• Exercise aim: The lines wanted are those from the one containing "Budapest, Bratislava, Viena" to the last line of the entries below; output them exactly, leaving out pictures.

━━━━━━━━━━

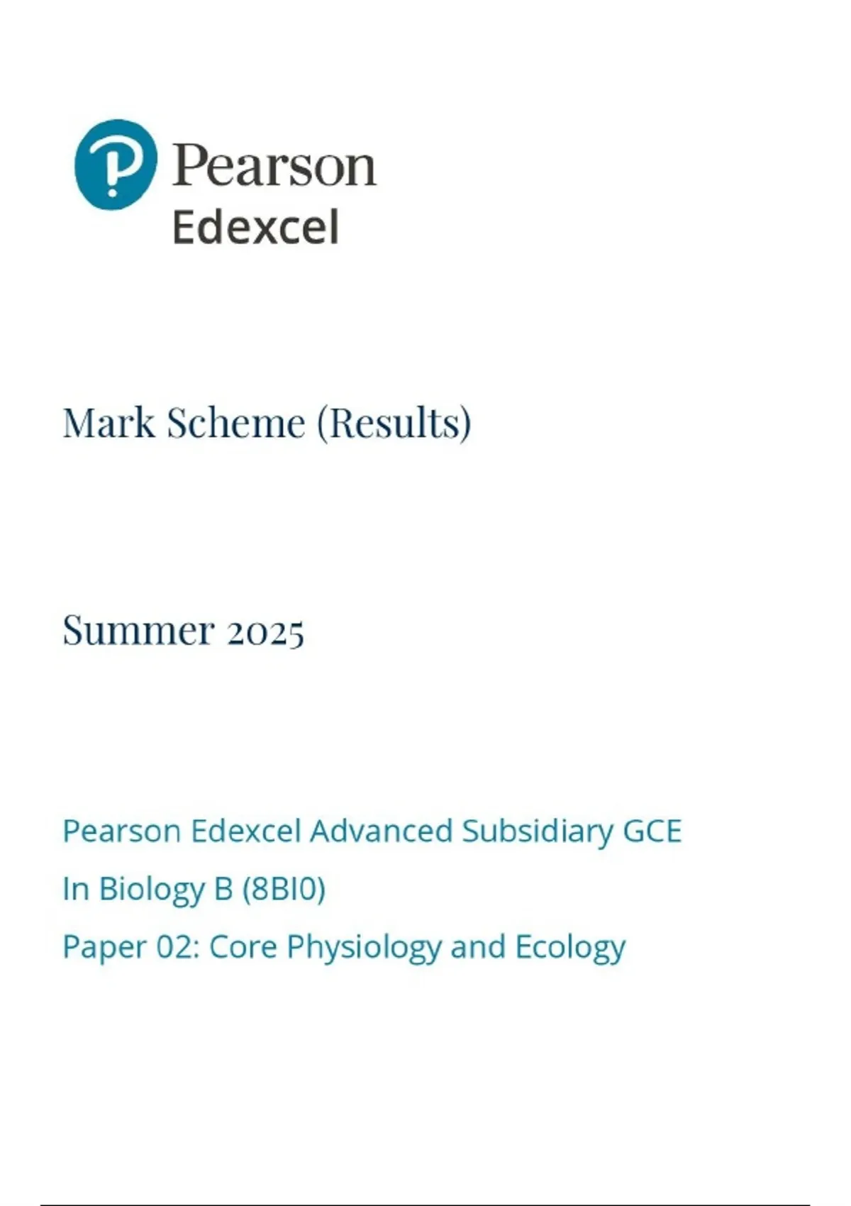 Edexcel AS-Level Biology B Paper 1 2025 Mark Scheme
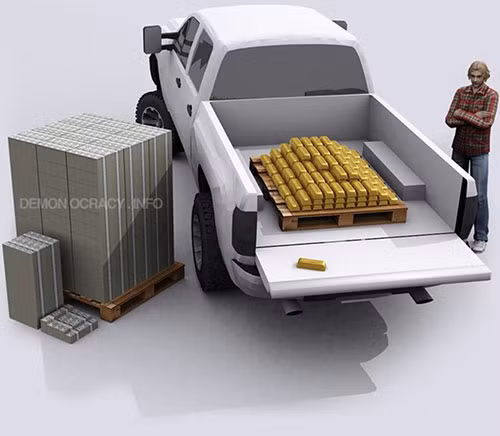 Ai cũng biết vàng khối lượng riêng rất lớn, tuy nhiên ít ai tưởng tượng được là chỉ cần số lượng vàng như trên cũng có thể phá vỡ hệ thống máy của chiếc xe tải cỡ trung bình. Và số vàng này có thể mua được khoảng 2.660 xe tải mới giá khoảng 40.000 USD mỗi chiếc.
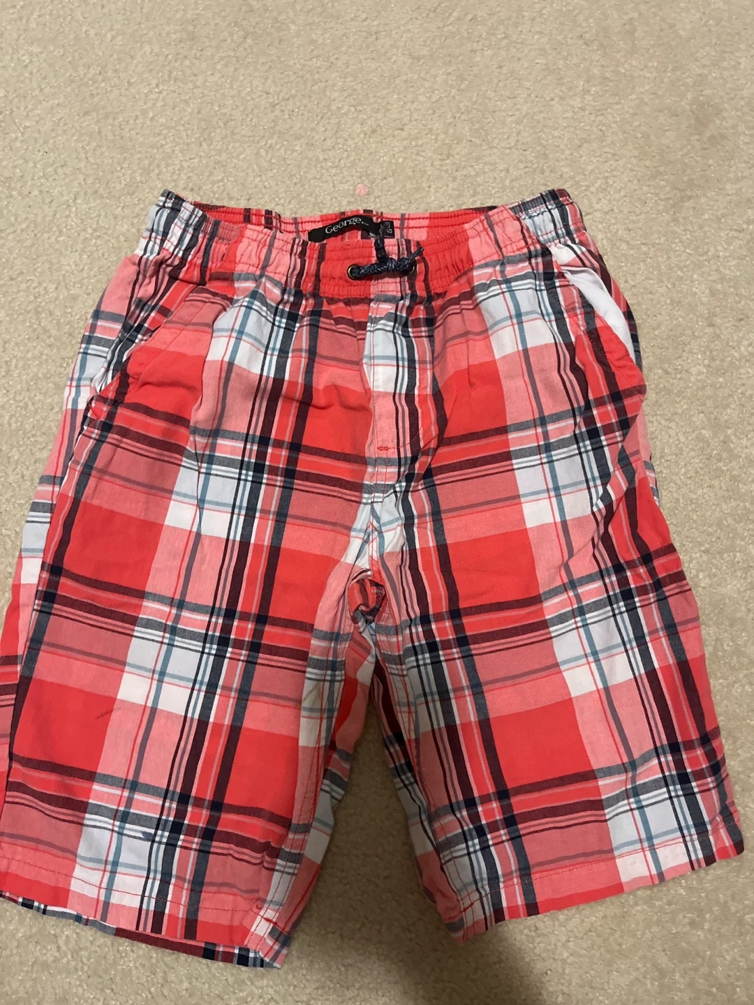 Two pairs of shorts for your little one! One pair is from Old Navy and is a light blue colour. The other pair is from George and is a red, white, and blue plaid pattern.
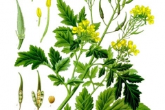 | Leaf | Pale green leaves of this plant are smooth, haphazardly dentate (having toothed margins), lyrately pinnate, rugged and have an uneven surface. Blade are elliptical, ovate or obovate in outline, up to 15 cm long, divided deeply or even to the midrib into 1-3 pairs of lobes with irregularly crenate or dentate margins. Uppermost stem leaves clearly lobed. Petiole is longest in largest leaves |
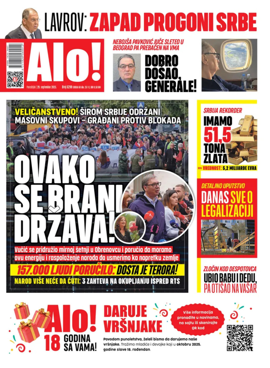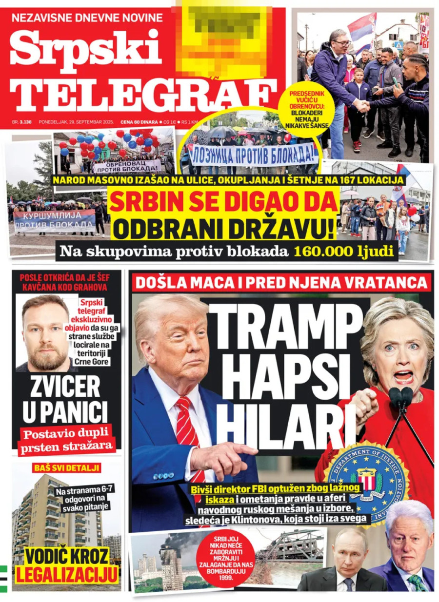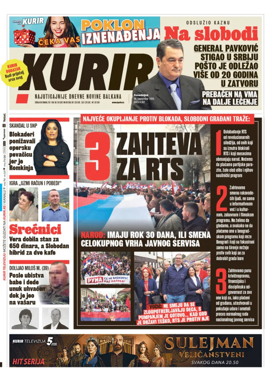 Dnevne novine u Srbiji za ponedeljak, 29. septembar 2025. godine na naslovnim stranama najavljuju brojne aktuelne društveno-političke teme i donose eksluzivne priče.
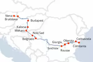 Itinerario : Oltenita, Cernavoda, Constanta, Cernavoda, Oltenita, Giurgiu, Rousse, Svichtov, Belgrado, Novi Sad, Mohacs, Kalocsa, Budapest, Bratislava, Viena
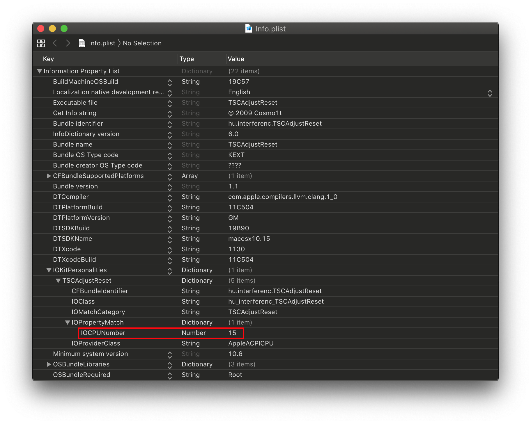 Contents -> Info.plist) and change the Info.plist ->IOKitPersonalities -> IOPropertyMatch -> IOCPUNumberto the number of CPU threads you have starting from0(i9 7980xe 18 core would be35as it has 36 threads total) - Compiled version can be found here: TSCAdjustReset.kext (opens new window)

━━━━━━━━━━

• Solution below:
 Itinerario : Oltenita, Cernavoda, Constanta, Cernavoda, Oltenita, Giurgiu, Rousse, Svichtov, Belgrado, Novi Sad, Mohacs, Kalocsa, Budapest, Bratislava, Viena
 Contents -> Info.plist) and change the Info.plist ->IOKitPersonalities -> IOPropertyMatch -> IOCPUNumberto the number of CPU threads you have starting from0(i9 7980xe 18 core would be35as it has 36 threads total) - Compiled version can be found here: TSCAdjustReset.kext (opens new window)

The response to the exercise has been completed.